In order to make it easier for the lock block 161 to push the jack 163, as shown in fig. 10, one end of the lock block 161 abutting against the jack 163 is provided with a first inclined surface 1611, and as shown in fig. 11, the first end of the jack 163 is provided with a second inclined surface 1631 for engaging with the first inclined surface 1611. Referring to fig. 8, 10 and 11, when the locking block 161 slides toward the center of the rotating assembly 130, the first inclined surface 1611 at one end of the locking block 161 pushes the second inclined surface 1631 of the push rod 163, so as to push the work push rod 163 to slide upward, and the push rod 163 pushes the locking plate 164 upward to incline the locking plate 164 to one side, thereby locking the second bracket assembly 150. The first inclined surface 1611 and the second inclined surface 1631 are provided to cooperate to facilitate the pushing of the push rod 163 up and down by the radial movement of the locking block 161.

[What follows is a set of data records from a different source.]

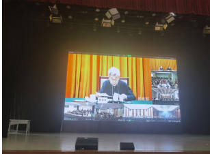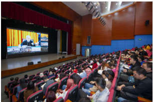 11月13日上午,taptap组织师生在文传楼多功能厅收看教育部长宣讲十九届五中全会精神。学院党总支书记刘春辉、部分教师和2019级同学参加学习。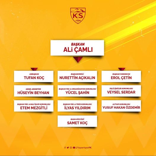 Sarı-kırmızılı takımın sosyal medya hesabından yapılan paylaşıma göre, Kayserispor'da yeni yönetim kurulunda görev dağılımı şöyle oluştu:Başkan: Ali ÇamlıAsbaşkan: Tufan KoçBaşkan Vekili: Nurettin AçıkalınBaşkan Yardımcısı: Erol ÇetinGenel Sekreter: Hüseyin BeyhanBaşkan Yardımcısı ve Organizasyon Sorumlusu: Yücel ŞahinDış İlişkiler Sorumlusu: Veysel SerdarBaşkan Yardımcısı ve Mali İşler Sorumlusu: Etem MezgitliBaşkan Yardımcısı ve Tesis Sorumlusu: İlyas YıldırımAltyapı Sorumlusu: Yusuf Hakan ÖzdemirBasın Sözcüsü: Samet Koç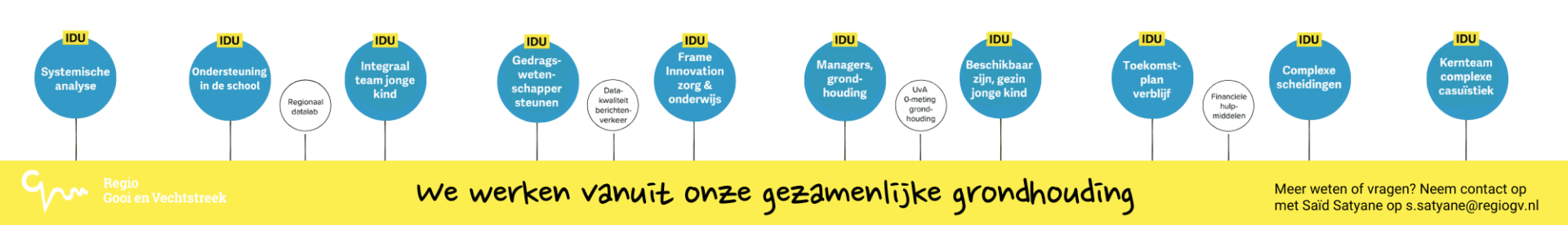In het project IDU hebben professionals, werkzaam in het netwerk van Jeugd en Onderwijs, met elkaar én samen met jeugdigen en ervaringsdeskundigen geleerd over samen anders kijken, denken en doen. Met de gezamenlijk ontwikkelde grondhouding als onderlegger hebben zij lessen geleerd die andere professionals kunnen inspireren om te gaan bewegen en inzicht geven aan benodigde randvoorwaarden binnen organisaties en in het ‘samen’.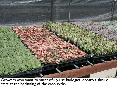 Growers who want to successfully use biological controls with their spring crops should start at the beginning of the crop cycle in the propagation house. Never start using biological controls in the middle of a crop cycle.

Referring to fig. 8, 10 and 11, the first bracket assembly 140 includes a mounting shaft 141, a spring 142 and a cutting blade 143. The mounting shaft 141 is slidably disposed on the rotating unit 130 in a sliding direction parallel to the sliding direction of the locking lever 152, and the mounting shaft 141 extends in the axial direction of the rotating unit 130. One end of the spring 142 is connected to the mounting shaft 141, and the other end of the spring 142 is provided with a cutting piece 143. Install axle 141 and slide and locate rotating assembly 130 on make installation axle 141 can be pushed down by locking piece 161 to drive reed 142 and cutting piece 143 and be close to pipeline 104, cutting piece 143 compresses tightly pipeline 104, and rotating assembly 130 drives first bracket assembly 140 and wholly rotates simultaneously, realizes the cutting to pipeline 104. When the locking block 161 slides along the radial direction of the rotating assembly 130, the push rod 163 is pushed to move upwards to lock the second bracket assembly 150, the locking block 161 continues to slide along the radial direction of the rotating assembly 130, after the locking block 161 pushes the push rod 163 to lock the second bracket assembly 150, the locking block 161 further pushes the mounting shaft 141 to slide downwards, so that the mounting shaft 141 drives the cutting blade 143 to move towards the direction close to the second bracket assembly 150, the pipeline 104 is compressed, and when the second bracket assembly 150 is locked and the first bracket assembly 140 is pulled downwards to compress the pipeline 104, the second bracket assembly 150 and the first bracket assembly 140 are driven by the rotating assembly 130 to rotate around the first axis 101 at the same time, so that the pipeline 104 is cut.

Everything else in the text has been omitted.